### Requirement
Every line of the material must be restated exactly, though not its pictures.

### Given information
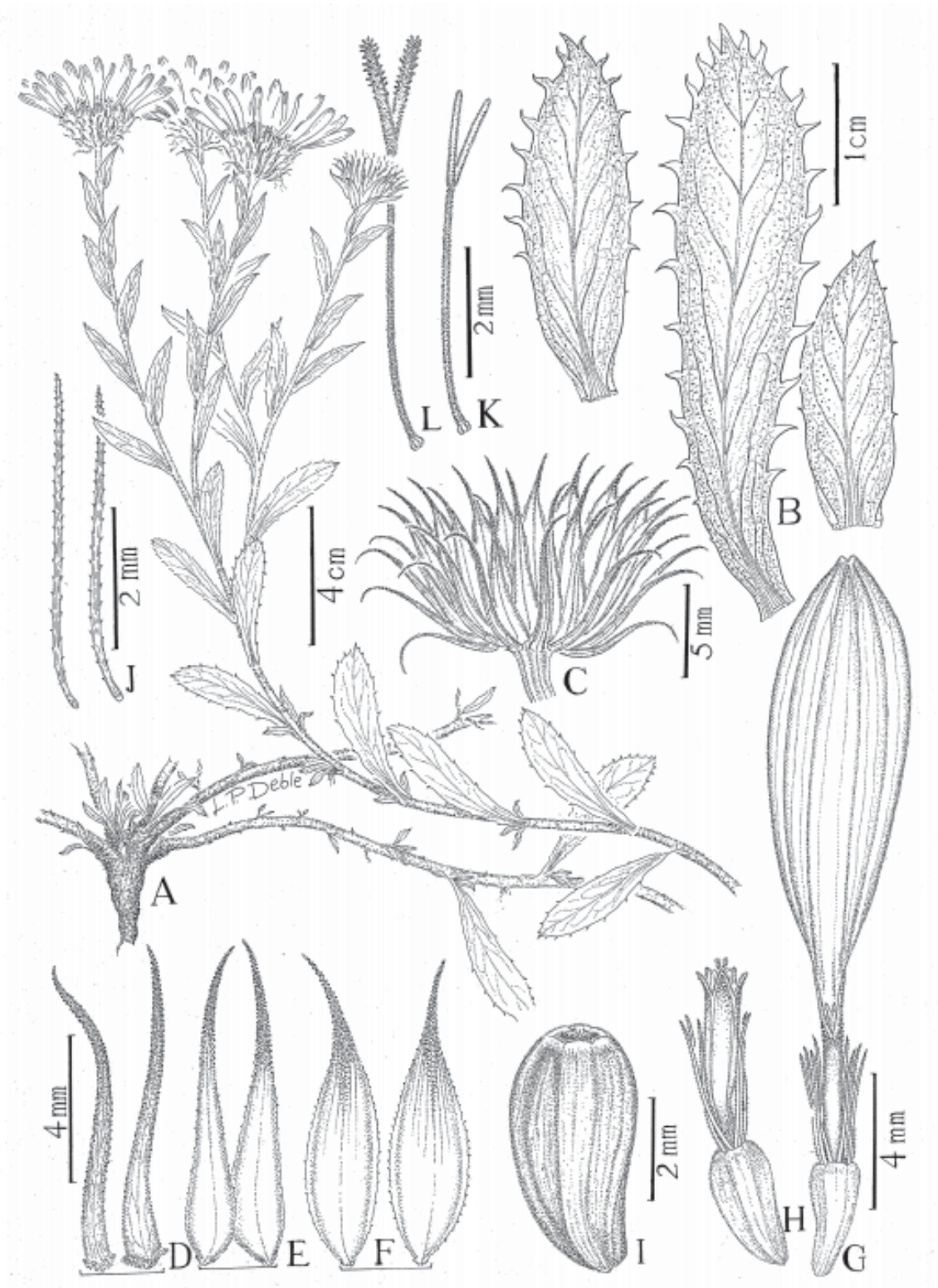
Fig. 3. Grindelia atlantica Deble & Oliveira-Deble. A: branch. B: leaves. C: involucre. D-F: involucral bracts. D: outer. E: median. F: inner. G: ray flower. H: disk flower. I: cypsel. J: awns of pappus. K: style of ray flower. L: style of disk flower (A-L, Deble & Oliveira-Deble 9.555 holotypus CTES).
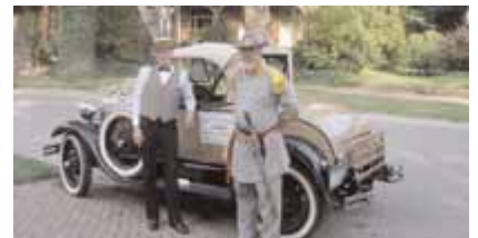
Homeowners in period dress pose in Parkersburg, WV.

Across the Ohio River, Parkersburg, West Virginia, wears its age well. At the Visitors Center, detailed brochures are available for a tour of the Julia-Ann Square Historic District. Though the 26-home tour is designated as walk-by, the proud homeowners sometimes invite curious passersby in for a peek into the renovations.
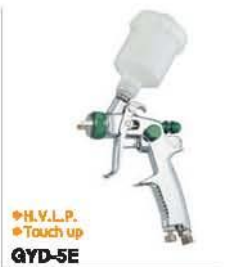
◆H.V.L.P. ◆Touch up GYD-5E

### Response area
Fig. 3. Grindelia atlantica Deble & Oliveira-Deble. A: branch. B: leaves. C: involucre. D-F: involucral bracts. D: outer. E: median. F: inner. G: ray flower. H: disk flower. I: cypsel. J: awns of pappus. K: style of ray flower. L: style of disk flower (A-L, Deble & Oliveira-Deble 9.555 holotypus CTES).
Homeowners in period dress pose in Parkersburg, WV.

Across the Ohio River, Parkersburg, West Virginia, wears its age well. At the Visitors Center, detailed brochures are available for a tour of the Julia-Ann Square Historic District. Though the 26-home tour is designated as walk-by, the proud homeowners sometimes invite curious passersby in for a peek into the renovations.
◆H.V.L.P. ◆Touch up GYD-5E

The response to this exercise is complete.